To supplement previous findings, our study aimed at (a) understanding if and how the relationship among design smells differs across windows and mobile applications and (b) determining the groups of design smells that tend to occur frequently together and the magnitude of their occurrence in windows and mobile applications.
DEFINE ROLES GANTTPROJECT SOFTWARE
This knowledge is significant for various software maintenance activities such as program quality assurance and refactoring. In this paper we compare the occurrence of design smells between different technological ecosystems: windows/desktop and android/mobile. Those symptoms have a direct negative impact on software quality by making it difficult to comprehend and maintain. Moreover, more epochs and hidden layers help increase the accuracy of the model.
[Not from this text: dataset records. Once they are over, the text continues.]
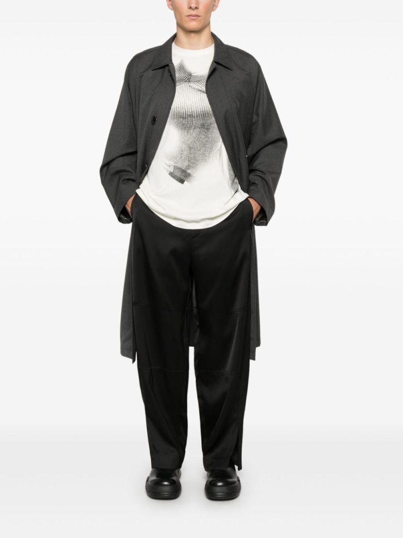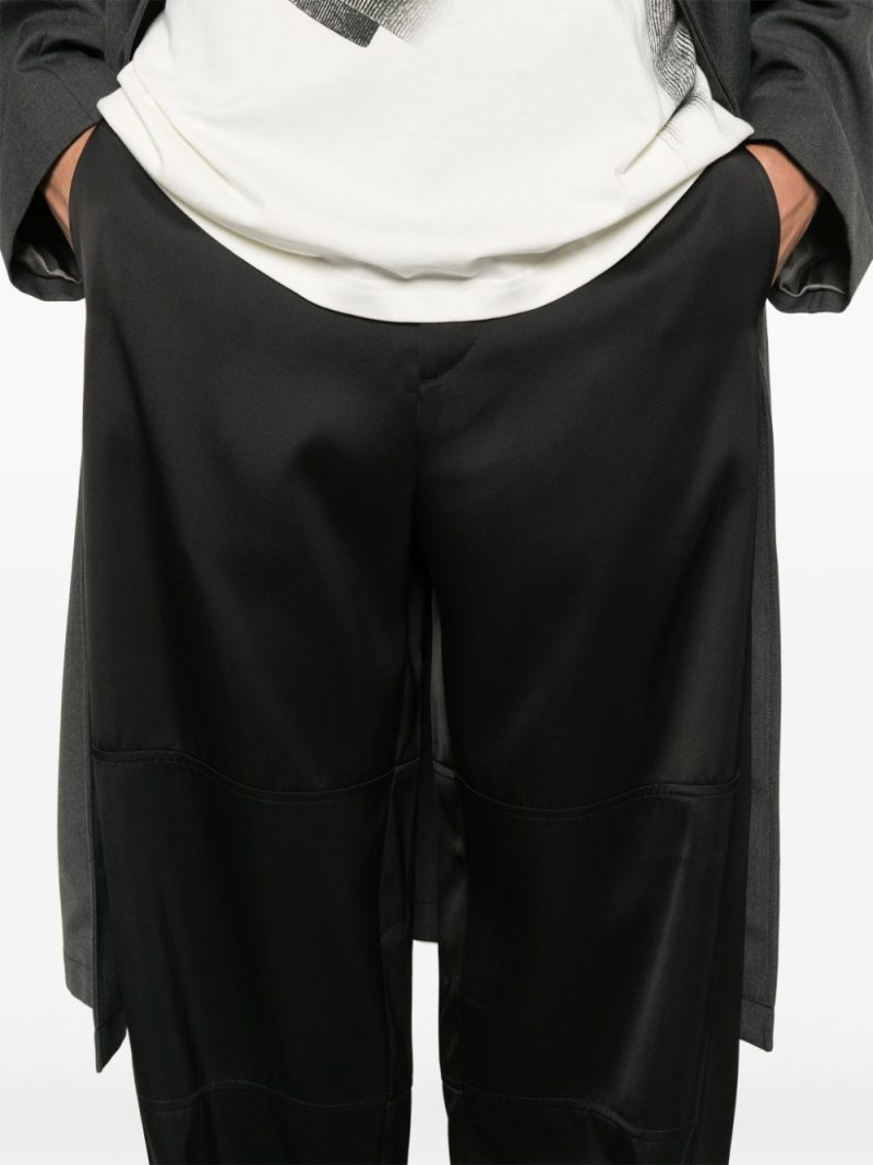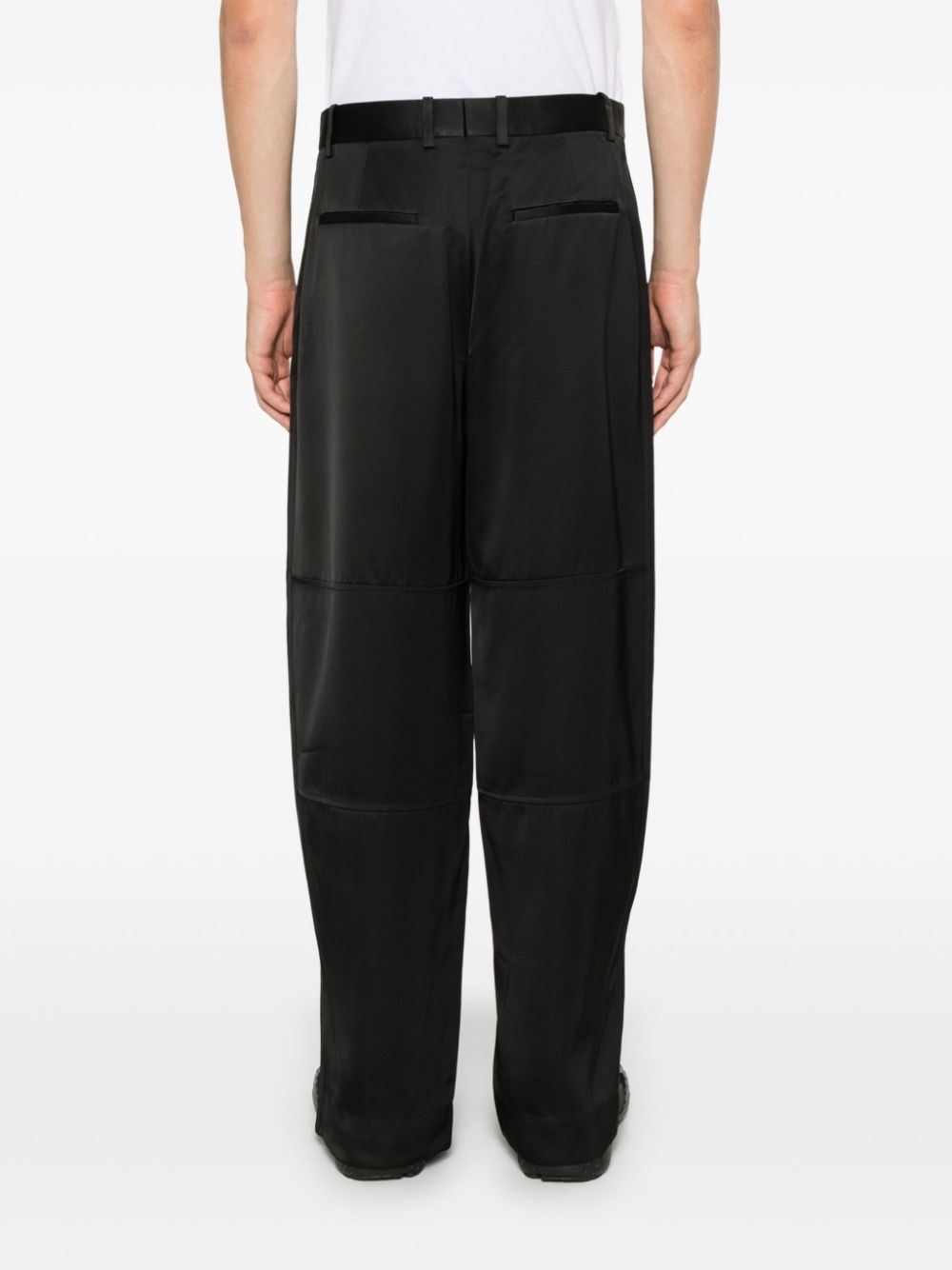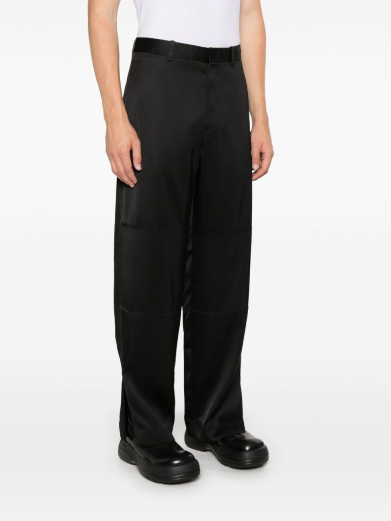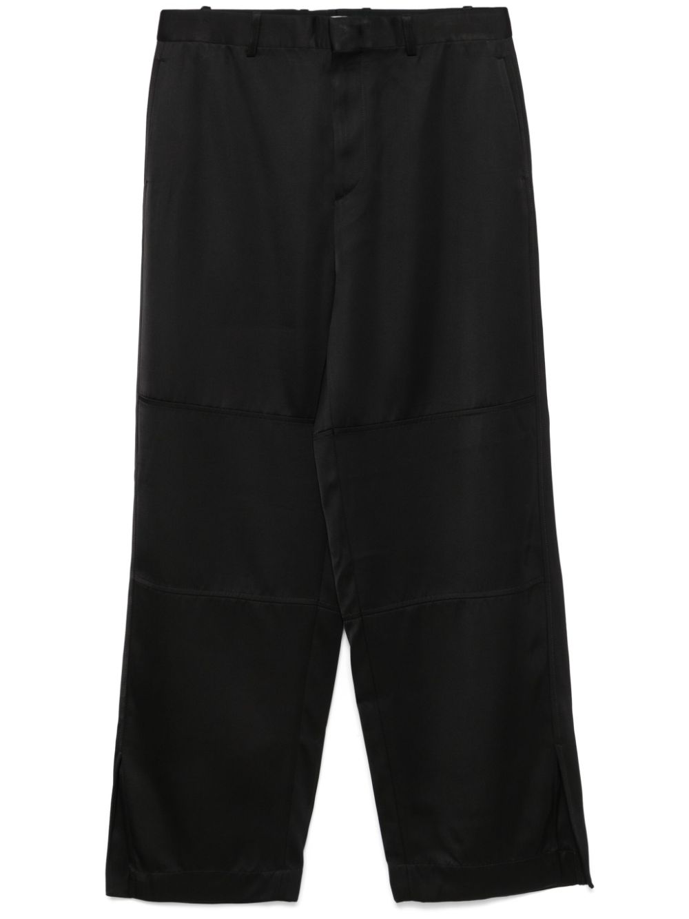 Pantaloni JIL SANDER Twill negru, design in panouri din viscoza, cu inchidere clasica, buzunare laterale, buzunare tip welt la spate, aspect lucios, slituri laterale si tiv drept. Potriviti pentru sezonul toamna/iarna. 100% viscoza; 83% viscoza; 17% matase.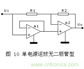 圖10是利用單電源運放的跟隨器的特性設(shè)計的,單電源的跟隨器,當輸入信號大于0時,輸出為跟隨器;當輸入信號小于0的時候,輸出為0.使用時要小心單電源運放在信號很小時的非線性.而且,單電源跟隨器在負信號輸入時也有非線性。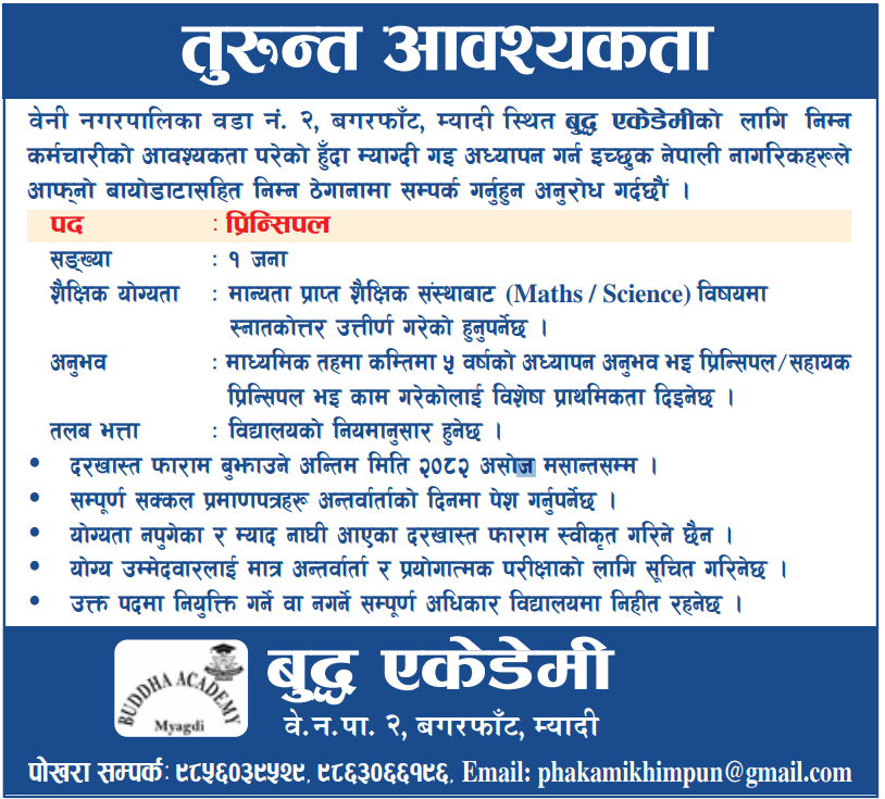 Principal Full Time Pokhara Posted 5 days ago Closes: October 17, 2025 Buddha Academy JOB OPPORTUNITY Position: Principal Location: Myagdi Buddha Academy Phone No.: 9856039529, 9863066196 Email:phakamikhimpun@gmail.com Source: Samadhan News, 28 September, 2025 Tagged as: Pokhara

DEFINE ROLES GANTTPROJECT CODE
Experimental results show that the proposed model with oversampling techniques can provide better performance for code smells detection and prediction results can be further improved when the model is trained with more datasets.

We considered four code-smell datasets which are God class, data class, feature envy and long method and the results were compared based on different performance measures. To overcome these challenges, the objective of this study is to presents deep convolutional neural network (D-CNN) model with synthetic minority over-sampling technique (SMOTE) to detect bad code smells based on a set of Java projects. Data imbalance is the main challenge of artificial intelligence techniques in detecting the code smells. It is not necessary to know the source of the data when using ANN models but require large training sets. Nowadays several artificial neural network (ANN) models have been used for different topics in software engineering: software defect prediction, software vulnerability detection, and code clone detection. Early detection of bad code smells improves software quality. Code smells refers to any symptoms or anomalies in the source code that shows violation of design principles or implementation.